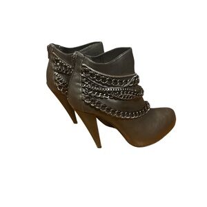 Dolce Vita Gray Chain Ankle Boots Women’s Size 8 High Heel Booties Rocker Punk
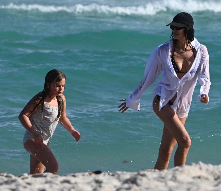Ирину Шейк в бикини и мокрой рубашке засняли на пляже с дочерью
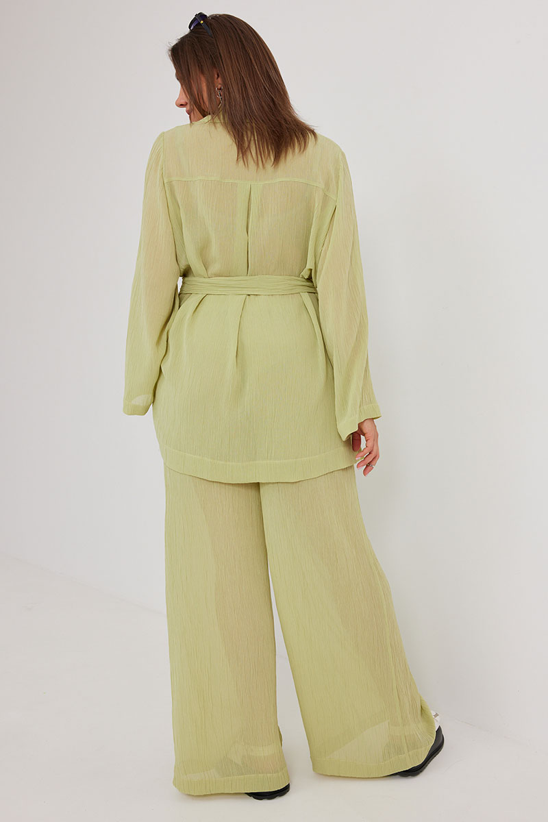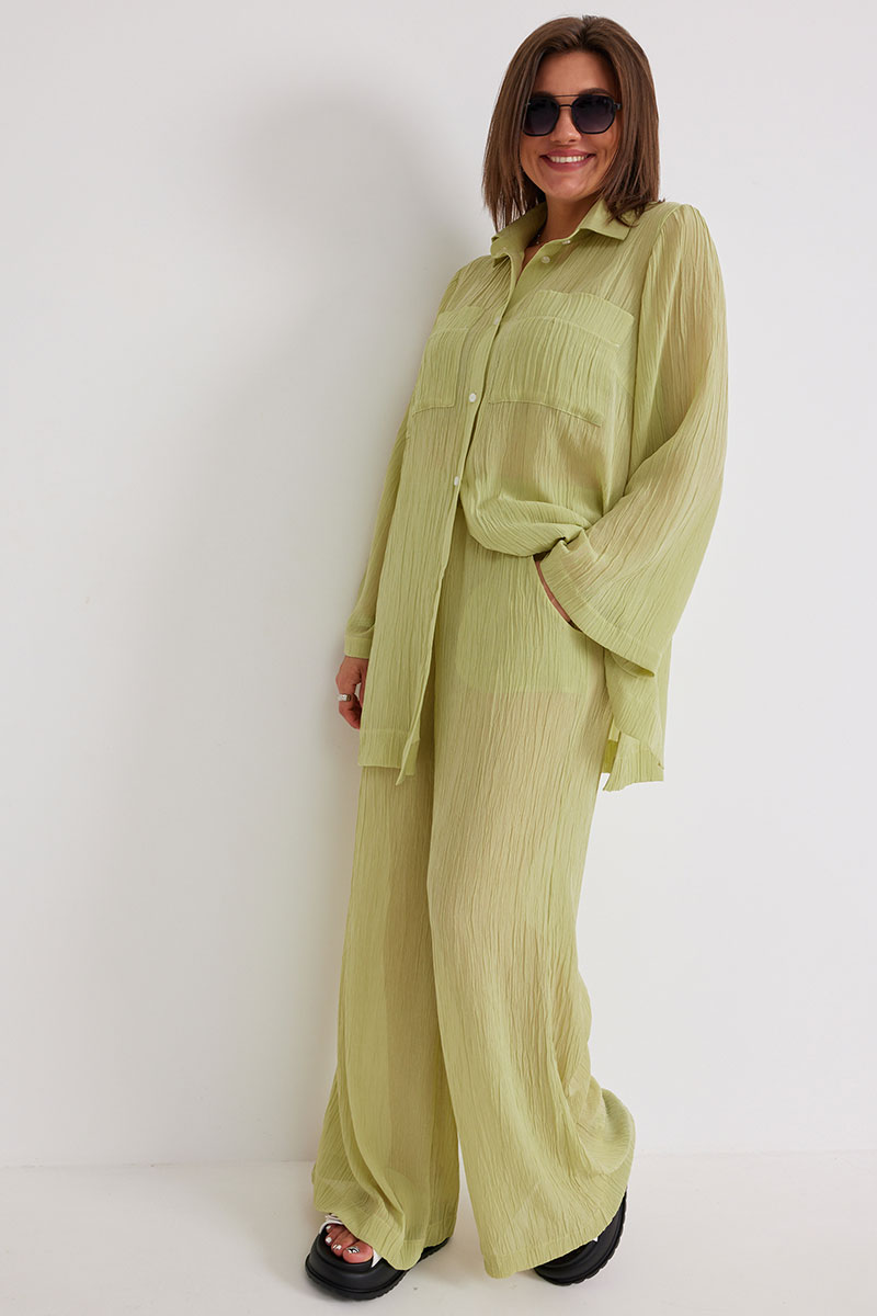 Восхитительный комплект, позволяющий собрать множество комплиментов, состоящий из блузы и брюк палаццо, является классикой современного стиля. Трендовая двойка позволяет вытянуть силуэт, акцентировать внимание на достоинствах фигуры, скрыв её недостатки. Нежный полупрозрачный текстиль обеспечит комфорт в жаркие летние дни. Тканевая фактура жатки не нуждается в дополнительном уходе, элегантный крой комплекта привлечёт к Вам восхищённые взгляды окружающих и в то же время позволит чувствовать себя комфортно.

-- Exercise directions --
The copy should begin at the line containing "Ирину Шейк в" and end at the last line of the data above; please restate those lines word for word without the pictures.

-- Solution to the problem --
Ирину Шейк в бикини и мокрой рубашке засняли на пляже с дочерью
 Восхитительный комплект, позволяющий собрать множество комплиментов, состоящий из блузы и брюк палаццо, является классикой современного стиля. Трендовая двойка позволяет вытянуть силуэт, акцентировать внимание на достоинствах фигуры, скрыв её недостатки. Нежный полупрозрачный текстиль обеспечит комфорт в жаркие летние дни. Тканевая фактура жатки не нуждается в дополнительном уходе, элегантный крой комплекта привлечёт к Вам восхищённые взгляды окружающих и в то же время позволит чувствовать себя комфортно.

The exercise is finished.